In this example, we use two main functionalities available for the synthetic generation: the **anonymizer** and the **calculated features**.

The anonymizer allows the replacement of personally identifiable information for other non-identifiable data. This feature can be applied to any column, including primary and foreign keys.
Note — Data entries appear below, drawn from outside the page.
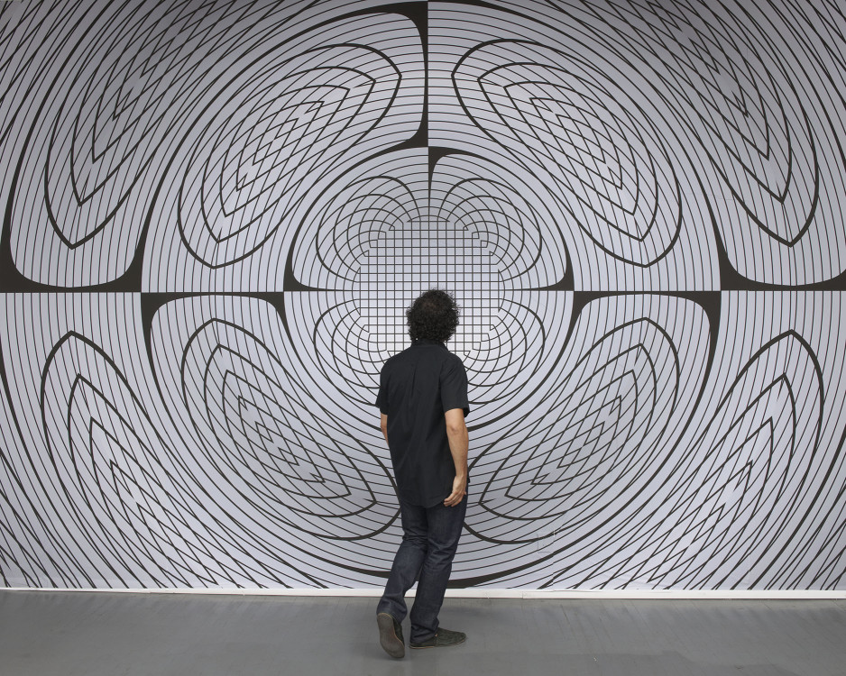 In these wall pieces I started exploring curved spaces: hyperbolic and manifold spaces, taking a flat grid, distorting it in a curved mirror, then flattening it out again onto the wall.
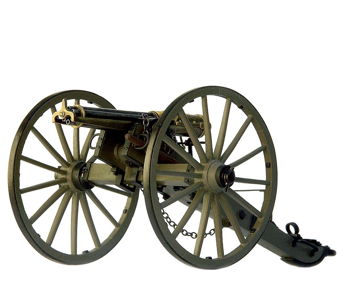 The hand-cranked machine gun was invented in 1861 by Dr. Richard J. Gatling of Hartford County, NC. Over time, 6-barrel and 10-barrel versions were produced in various calibers, including .45, .50 and 1". All were activated by cam-operated bolts that alternately wedged and fired the bullets, then ejected the spent cartridges, allowing each barrel to cool down before it came around to be fired again.
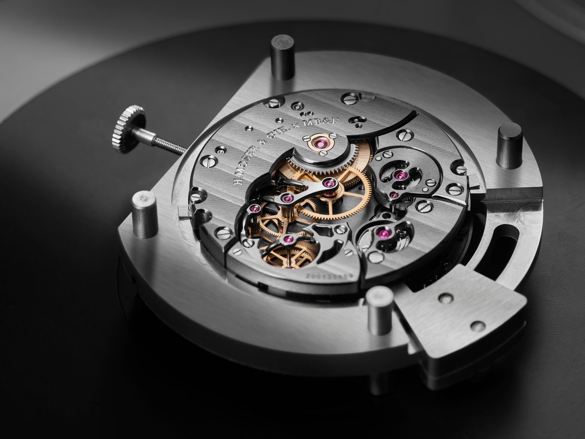 這枚非凡時計搭載部分鏤空的3D立體手動上鏈HMC 906機芯,就像立體雕塑一樣讓人可以欣賞到機芯的一些重要零件。

In this example, the following columns are anonymized:
- The `district` table primary key (`district.a1`) and all its references (i.e., foreign keys) across the database, such as the `account.district_id`. The replacement data will be generated according to the specified regex expression.
- All the primary keys from the `account` table, as well as their references across the database. The replacement data are integers.
- The values from the `bank_to` column from the `order` table will be replaced by city names (other strategies are available according to the specified `AnonymizerType`).

In [15]:
from ydata.preprocessors.methods.anonymization import AnonymizerType

anonymizer_config = {
    'district': {
        'a1': r'[0-9]{4}-[A-Z]{5}'
    },
    'account': {
        'anonymize_primary_keys': True
    },
    'order': {
        'bank_to': AnonymizerType.CITY
    }
}

The calculated features functionality allows the generation of specific columns based on data from other columns according to the business rules specified in custom functions.

In this example, the following columns are calculated features:
- The `full_name` column from the `client` table is generated by concatenating the first and last names of each client, which are available in the `first_name` and `last_name` columns of the same table.
- The `a10_sum` column from the `client` table is generated by summing all the values from the `a10` column of the `district` table for each client. Since this is an inter-table calculated feature (i.e., several tables are used), there is a need to establish the relationship between the tables (in this case, between the `client` and the `district`). The user should include the primary and foreign keys in the base columns, and establish the relationship inside the custom function (see the `get_a10_sum` function).

In [16]:
import pandas as pd
import numpy as np

def get_full_name(first_name, last_name):
    full_names = []
    for ix in range(first_name.shape[0]):
        full_names.append(first_name[ix].strip() + " " + last_name[ix].strip())
    return np.asarray(full_names)

def get_a10_sum(client_id, district_id, a1, a10):
    a1_s = pd.Series(a1, name="a1")
    a10_s = pd.Series(a10, name="a10")
    district_data = pd.concat([a1_s, a10_s], axis=1)
    a10_sum = pd.Series(0, index=client_id)
    for c, d in zip(client_id, district_id):
        a10_sum[c] = district_data[district_data["a1"] == d]["a10"].sum()
    return a10_sum.values

calculated_features=[
    {
      "calculated_features": "client.full_name",
      "function": get_full_name,
      "calculated_from": ["client.first_name", "client.last_name"],
    },
    {
      "calculated_features": "client.a10_sum",
      "function": get_a10_sum,
      "calculated_from": ["client.client_id", "client.district_id", "district.a1", "district.a10"]
    }
]

### Training the synthesizer

We can now train the synthesizer by creating a `MultiTableSynthesizer` and passing the data, the metadata, and the configurations for the anonymizer and the calculated features. Depending on the size of the database, the training may take a while.

In [17]:
from ydata.synthesizers.multitable.model import MultiTableSynthesizer

synth = MultiTableSynthesizer()
synth.fit(data, m, anonymize=anonymizer_config, calculated_features=calculated_features)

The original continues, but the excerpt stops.